Dr Amy Wilcockson

Daiches-Manning Memorial Fellow

Dr Amy Wilcockson

Daiches-Manning Memorial Fellow, January - March, 2026

Home Institution: Queen Mary University of London

Dr Amy Wilcockson is a Research Fellow at Queen Mary University of London, assisting with the new edition of the letters of Percy Bysshe Shelley (contracted with Oxford University Press). Prior to this role, she was a Research Assistant at the University of Glasgow, on ‘The Works of Robert Fergusson: Reconstructing Textual and Cultural Legacies’ project. Her edition of the selected letters of the neglected Scottish Romantic poet, Thomas Campbell (1777-1844) is forthcoming with Liverpool University Press. She is also the Communications Officer for the British Association for Romantic Studies (BARS).
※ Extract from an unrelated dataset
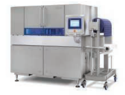
GEA MultiJector with removed conveyor belt

Project title: The ‘Edinburgh University Coterie’: Networks of Cultural Influence in the 1790s and 1800s

Through analysing unique material in Edinburgh collections, Amy’s project examines a remarkable circle of University of Edinburgh classmates who achieved precocious cultural influence in the 1790s and 1800s and became leading figures in politics, law and literature. Often working collaboratively in a homosocial environment, these men reconfigured eighteenth-century thought and society, bringing Scottish ideas, ideals and stories to the heart of British culture. The group includes The Edinburgh Review founders Sydney Smith (1771-1845), Francis Horner (1778-1817), Francis Jeffrey (1773-1850), and Henry Brougham (1778-1868), author and judge Henry Cockburn (1779-1854), and the poets Walter Scott (1771-1832) and Thomas Campbell (1777-1844). The group went on to share professional and personal highs and lows together, including the commencement and continued success of the Edinburgh Review, the foundation of the London University, Royal divorce trials, and numerous literary endeavours that established Edinburgh as a cultural centre that could contend with London. While some coterie members are recognised for individual achievements, the collaborative underpinnings of their successes have not been properly examined. This project will analyse their writings, periodicals, and little-studied correspondence to reveal the extent to which the group relied on each other for creative and critical support and explore how these relationships informed the members’ later successes.